• **Task item**: No pictures belong in the copy. Retype exactly, and only, the stretch of lines below from the one with "Yeşil kuvars 18" through the one with "indiqué l'Insee. |".

• **Supplied data**:
^^^^^^^^^^^^^^^^

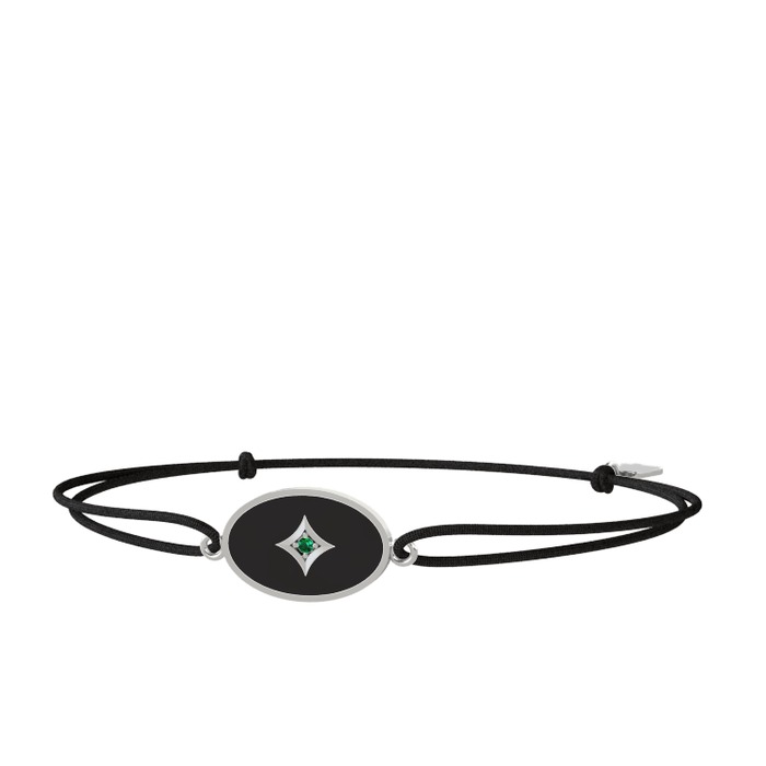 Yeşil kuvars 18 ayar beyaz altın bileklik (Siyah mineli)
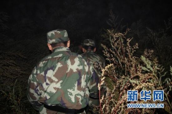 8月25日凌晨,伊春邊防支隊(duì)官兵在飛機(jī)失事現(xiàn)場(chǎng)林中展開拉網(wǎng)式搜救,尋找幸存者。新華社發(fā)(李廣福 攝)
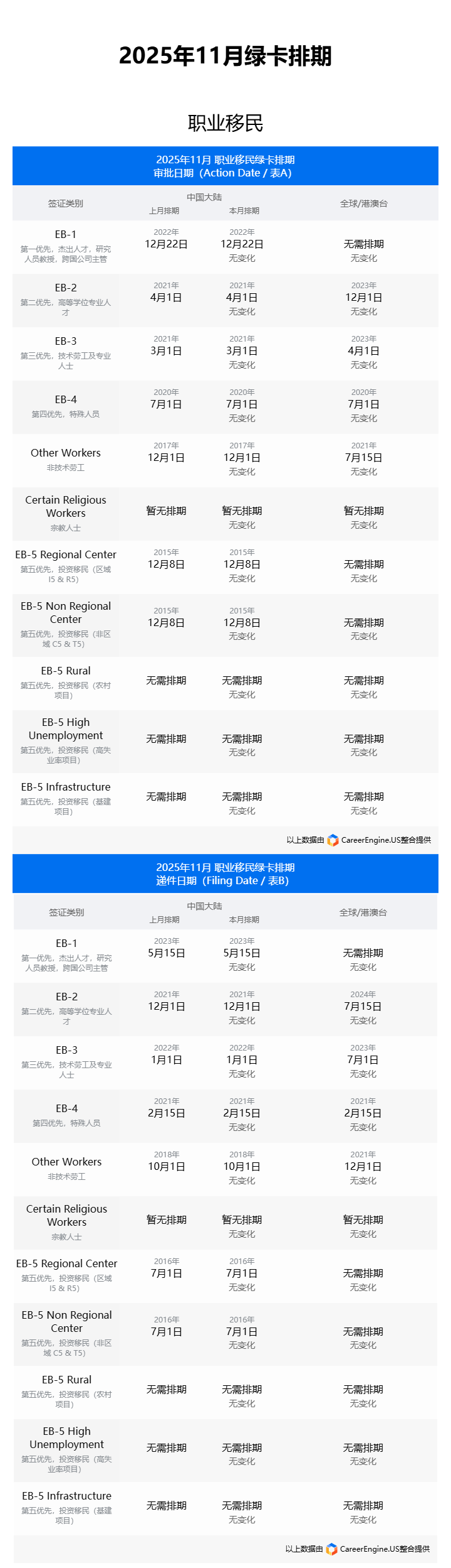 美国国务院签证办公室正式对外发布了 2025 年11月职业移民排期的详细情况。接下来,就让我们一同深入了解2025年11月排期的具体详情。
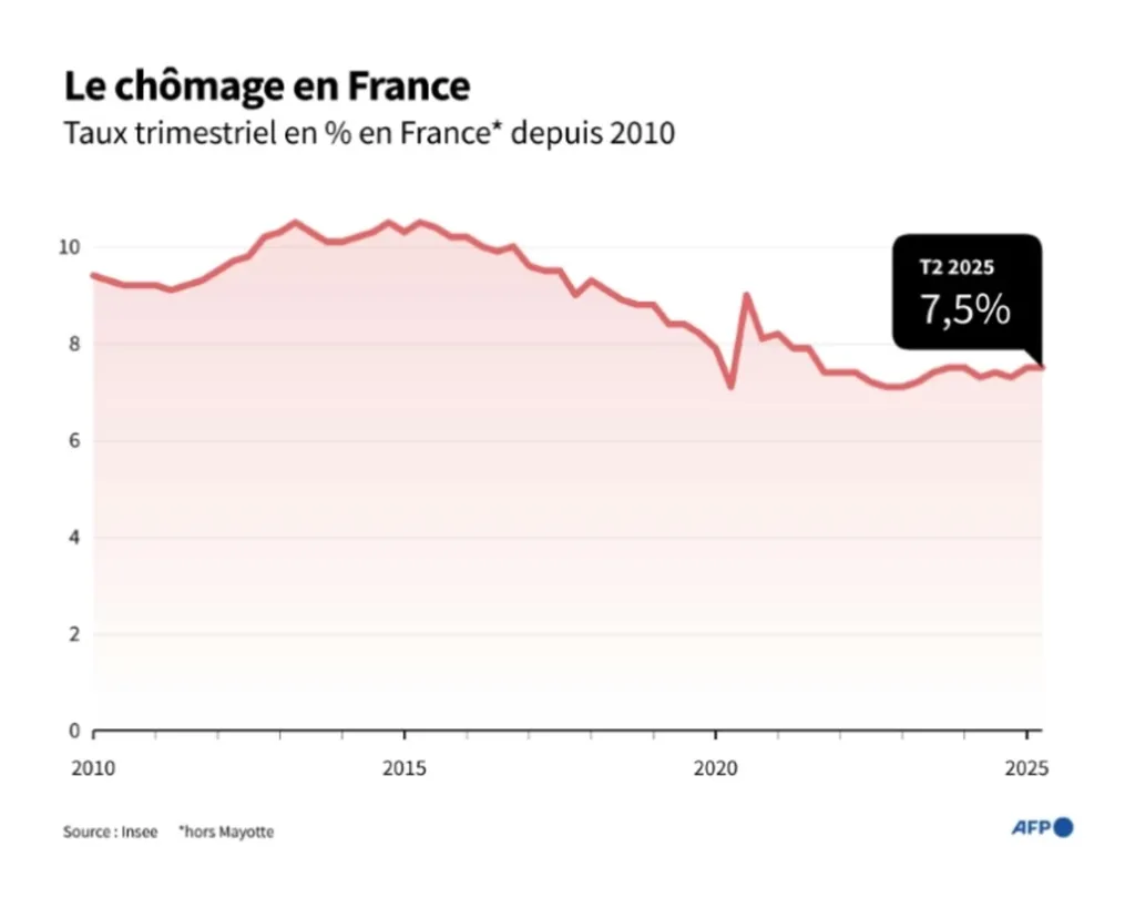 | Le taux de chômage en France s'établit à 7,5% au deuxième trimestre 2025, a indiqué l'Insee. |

^^^^^^^^^^^^^^^^

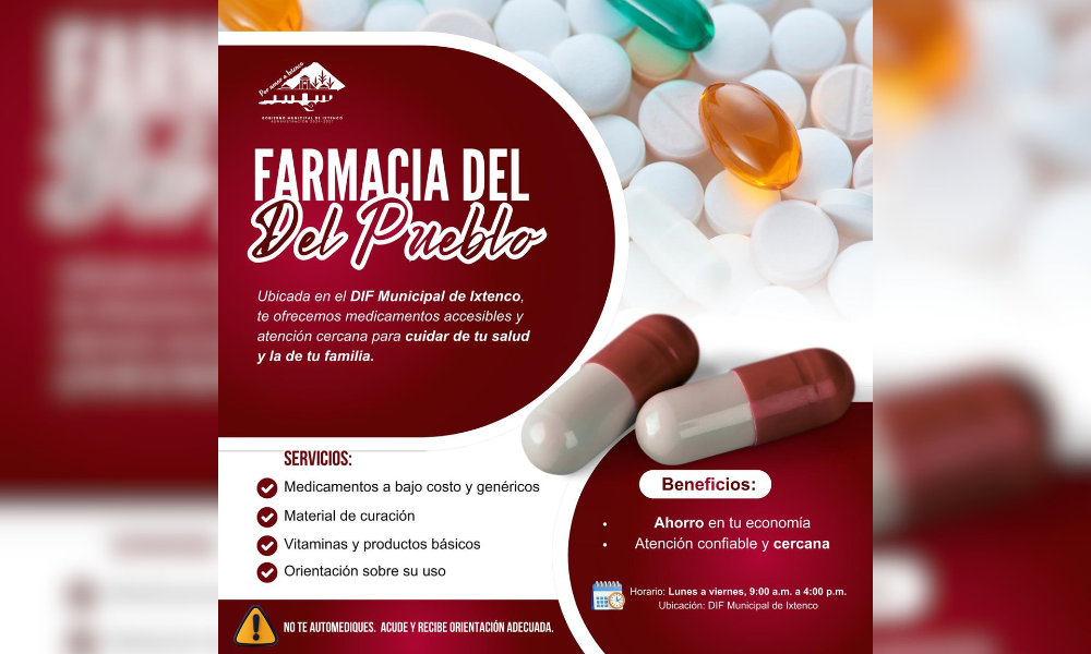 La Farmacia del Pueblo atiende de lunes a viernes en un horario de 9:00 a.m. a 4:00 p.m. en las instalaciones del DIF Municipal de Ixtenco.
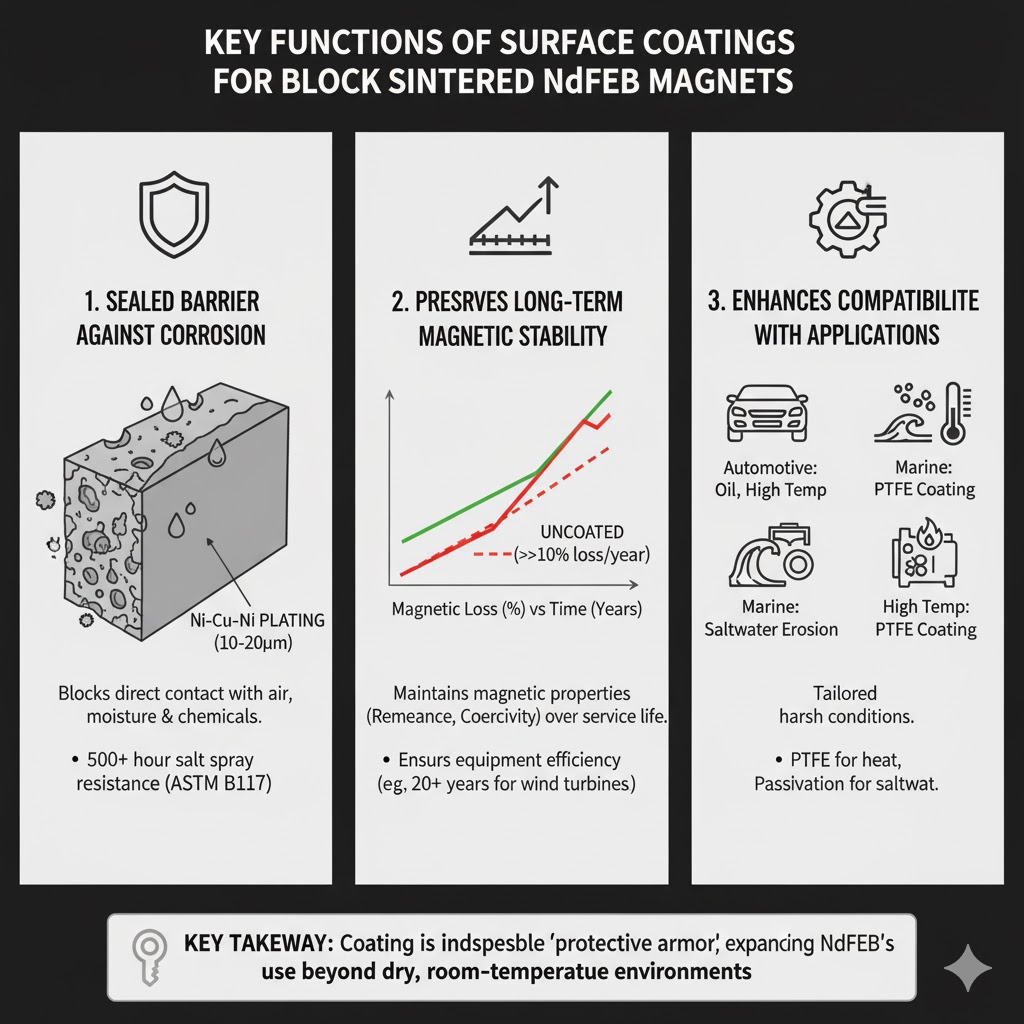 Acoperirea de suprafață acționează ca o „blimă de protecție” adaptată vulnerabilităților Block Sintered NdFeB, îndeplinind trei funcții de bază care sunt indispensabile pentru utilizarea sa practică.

^^^^^^^^^^^^^^^^

• **Your solution**:
 Yeşil kuvars 18 ayar beyaz altın bileklik (Siyah mineli)
 8月25日凌晨,伊春邊防支隊(duì)官兵在飛機(jī)失事現(xiàn)場(chǎng)林中展開拉網(wǎng)式搜救,尋找幸存者。新華社發(fā)(李廣福 攝)
 美国国务院签证办公室正式对外发布了 2025 年11月职业移民排期的详细情况。接下来,就让我们一同深入了解2025年11月排期的具体详情。
 | Le taux de chômage en France s'établit à 7,5% au deuxième trimestre 2025, a indiqué l'Insee. |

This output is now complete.